Их взгляды царапали ей кожу, голоса долбили барабанные перепонки. Какая-то женщина высунула из-за ограждения руку и потянулась к Лиллиан, по ее лицу текли слезы. Что ей нужно? Что им всем нужно? Больше она не могла этого вынести. Слишком много людей, слишком много шума, слишком много ожиданий. Надо было бежать, прятаться…
И она завертела пальцами, пытаясь вырвать свою руку у Джерри – остаточный здравый смысл подсказывал ей, что бежать, держась за руки, очень неудобно. Тут ей вспомнились металлические пряжки у нее на лодыжках – вот ведь дурацкие туфли, такие скоро не сбросишь. И почему она не надела кроссовки вместо этих невесомых сверкающих босоножек, которые кто-то напялил на нее сегодня утром в Гуаме? Даже в ее старых кроссовках, которые не выжили на острове, и то было бы легче бежать, чем на этих ходулях.
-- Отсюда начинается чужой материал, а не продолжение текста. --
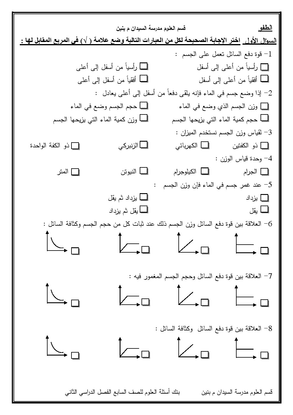| أنت هنا: موقع المناهج ⇦ المناهج الكويتية ⇦ الصف السابع ⇦ علوم ⇦ الفصل الثاني ⇦ مذكرات وبنوك |

А бежать было необходимо.
Самолет, с которого они сошли только что, улетел; следующим пунктом в его маршруте был Чикаго. Но даже если б она смогла сесть в какой-нибудь самолет, куда бы она отправилась? Назад, на остров, чтобы жить там в одиночку? Нет, слишком много воспоминаний связаны для нее с этим местом. И уж тем более не в больничную палату, где ее держали взаперти последние две недели: вот уж где ни за что ноги ее больше не будет. И все же один вариант у нее был: Дэвид. Он точно знает, что делать.
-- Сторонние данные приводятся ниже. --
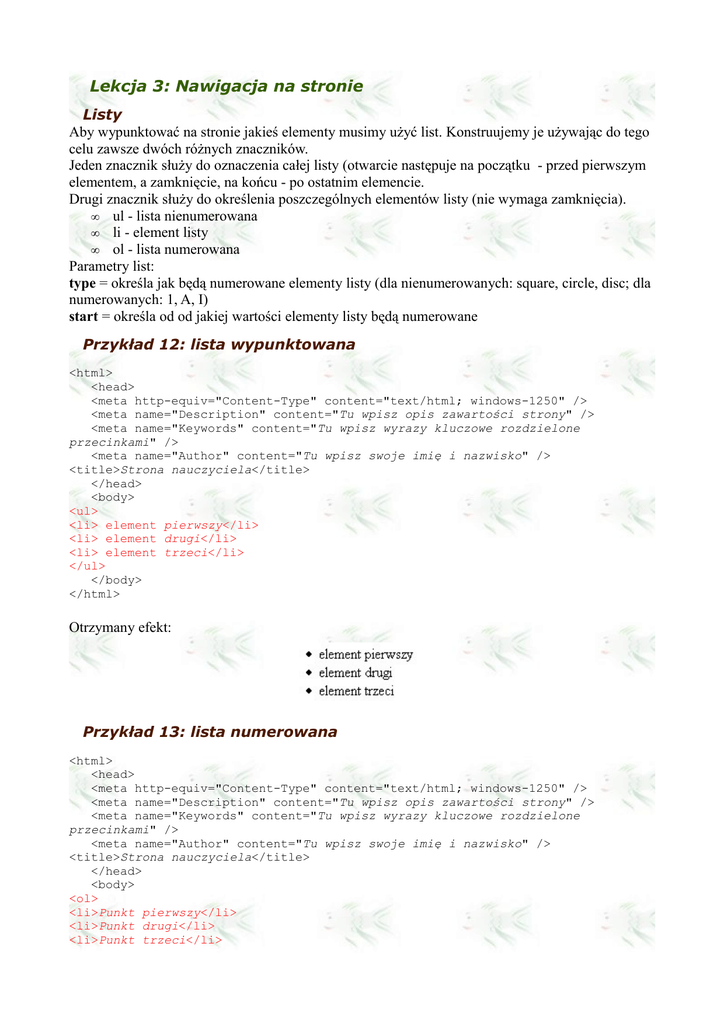 Lekcja 3: Nawigacja na stronie Listy Aby wypunktować na stronie jakieś elementy musimy użyć list. Konstruujemy je używając do tego celu zawsze dwóch różnych znaczników. Jeden znacznik służy do oznaczenia całej listy (otwarcie następuje na początku - przed pierwszym elementem, a zamknięcie, na końcu - po ostatnim elemencie. Drugi znacznik służy do określenia poszczególnych elementów listy (nie wymaga zamknięcia). • ul - lista nienumerowana • li - element listy • ol - lista numerowana Parametry list: type = określa jak będą numerowane elementy listy (dla nienumerowanych: square, circle, disc; dla numerowanych: 1, A, I) start = określa od od jakiej wartości elementy listy będą numerowane Przykład 12: lista wypunktowana <html> <head> <meta http-equiv="Content-Type" content="text/html; windows-1250" /> <meta name="Description" content="Tu wpisz opis zawartości strony" /> <meta name="Keywords" content="Tu wpisz wyrazy kluczowe rozdzielone przecinkami" /> <meta name="Author" content="Tu wpisz swoje imię i nazwisko" /> <title>Strona nauczyciela</title> </head> <body> <ul> <li> element pierwszy</li> <li> element drugi</li> <li> element trzeci</li> </ul> </body> </html> Otrzymany efekt: Przykład 13: lista numerowana <html> <head> <meta http-equiv="Content-Type" content="text/html; windows-1250" /> <meta name="Description" content="Tu wpisz opis zawartości strony" /> <meta name="Keywords" content="Tu wpisz wyrazy kluczowe rozdzielone przecinkami" /> <meta name="Author" content="Tu wpisz swoje imię i nazwisko" /> <title>Strona nauczyciela</title> </head> <body> <ol> <li>Punkt pierwszy</li> <li>Punkt drugi</li> <li>Punkt trzeci</li> </ol> </body> </html> Otrzymany efekt: Przykład 14: zagnieżdżanie list <html> <head> <meta http-equiv="Content-Type" content="text/html; windows-1250" /> <meta name="Description" content="Tu wpisz opis zawartości strony" /> <meta name="Keywords" content="Tu wpisz wyrazy kluczowe rozdzielone przecinkami" /> <meta name="Author" content="Tu wpisz swoje imię i nazwisko" /> <title>Strona nauczyciela</title> </head> <body> <ul> <li>Punkt pierwszy <ul> <li>Punkt 1.1 <ul> <li>Punkt 1.1.1</li> <li>Punkt 1.1.2</li> </ul> </li> <li>Punkt 1.2</li> </ul> </li> <li>Punkt drugi</li> </ul> </body> </html> Otrzymany efekt: Listy wykorzystamy na naszej stronie do wypunktowania zadań i interesujących odnośników do innych stron lub zadań. Zadanie 7 Wpisz do tabeli z zadania zaliczeniowego nr 2 w komórce ZADANIA przykładowe propozycje zadań dla uczniów, a w komórce LINKI przykładowe linki do ważnych stron. Rozwiązanie powinno wyglądać tak: Odnośniki Odniesienia mogą dotyczyć tej samej strony, strony na tym samym serwerze lub w dowolnym miejscu sieci. Odniesieniem może być dowolny element dokumentu. Do podstrony <a href="ścieżka dostępu">opis</a> Do adresu internetowego <a href="http://adres strony">opis</a> Odsyłacz pocztowy <a href="mailto:adres e-mail">opis</a> Porada: Aby otworzyć odnośnik w nowym oknie należy użyć znacznika target <a target="_blank" href="adres">opis</a> Przykład 15: odnośniki do stron w internecie <html> <head> <meta http-equiv="Content-Type" content="text/html; windows-1250" /> <meta name="Description" content="Tu wpisz opis zawartość strony" /> <meta name="Keywords" content="Tu wpisz wyrazy kluczowe rozdzielone przecinkami" /> <meta name="Author" content="Tu wpisz swoje imię i nazwisko" /> <title>Strona nauczyciela</title> </head> <body> <table cellspacing=0 cellpadding=2 width=100% height=100% border=�1�> <tr height=20px> <td >Logo wysokość 100px</td> <td >Baner</td> </tr> <tr> <td valign=top> Linki<br> <a target="_blank" href="http://www.wp.pl">Wirtualna Polska</a><br> <a target="_blank" href="http://www.men.gov.pl">Ministerstwo Edukacji Narodowej</a><br> <a target="_blank" href="http://www.interia.pl">Interia</a><br> <a target="_blank" href="http://www.kurnik.pl">Kurnik-rozrywka</a><br> <a target="_blank" href="http://www.styl24.pl/twojstyl.php">Twój Styl</a><br> </td> <td rowspan="2" bgcolor=#fff9e5 valign=top width=80% >Panel wyświetlania podstron o szerokości 80%</td> </tr> <tr> <td valign=top> Zadania <ul type="none"> <li> zadanie 1</li> <li> zadanie 2</li> <li> zadanie 3</li> <li> zadanie 4</li> </ul> </td> </tr> <tr> <td colspan="2" height=20px valign=middle align=center >Adres pocztowy autora strony</td> </tr> </table> </body> </html> Zadanie 8 Skopiuj przykład 16 i zobacz działanie odnośników. Zamiast listy zastosowany został znacznik przejścia do nowej linii <br>. Otrzymany efekt: Zadanie zaliczeniowe nr 3 Do strony z tabelą dodaj swój adres pocztowy, linki do interesujących stron oraz sformatuj tekst kolorystycznie według uznania. Otrzymaj podobny efekt.

Мысль о том, что можно поговорить с ним, успокаивала не хуже «Валиума». Лиллиан уже принялась строить планы, как сядет в самолет, долетит до Калифорнии, а там ее встретит Дейв, и она снова увидит его улыбку, почувствует его надежные объятия, в которых ничего не страшно. Но чем объяснить то, что она, так долго мечтавшая вновь оказаться дома, вдруг почувствовала себя здесь не на своем месте? Лиллиан представила, как он нахмурится, когда она заявит ему, что было бы лучше, если б ее вообще не спасали. Мысль о том, что Дэвид будет ею недоволен, пугала больше, чем толпа зевак в аэропорту. Лучше уж остаться здесь, чем добиться того, чтобы он возненавидел ее еще больше.
Джерри положил руку на ее костлявые плечи – легко, почти не касаясь ее кожи.
– Мальчики так по тебе скучали. – Его дыхание пахло мятными пастилками «Лайф сейверз». Он всегда сосал их на взлете и на посадке, чтобы уменьшить давление на уши. Вспомнив это, Лиллиан прижалась к нему и улыбнулась. – Позвать их? – спросил он ее так просто, точно не чувствовал течения, которое засасывало их в темную глубину. Она хотела сказать «нет», но все же кивнула, думая при этом, возможно ли утонуть на суше.
Свободной рукой Джерри помахал мальчикам, а Лиллиан спрятала лицо у него на груди, так она боялась, что они замотают головами и отвернутся. Дэниел всегда стеснялся незнакомых людей, а Лиллиан была уверена, что теперь он ее не узнает. Но, едва услышав, что их зовут, ее сыновья бросили Джилл и со всех ног бросились к матери.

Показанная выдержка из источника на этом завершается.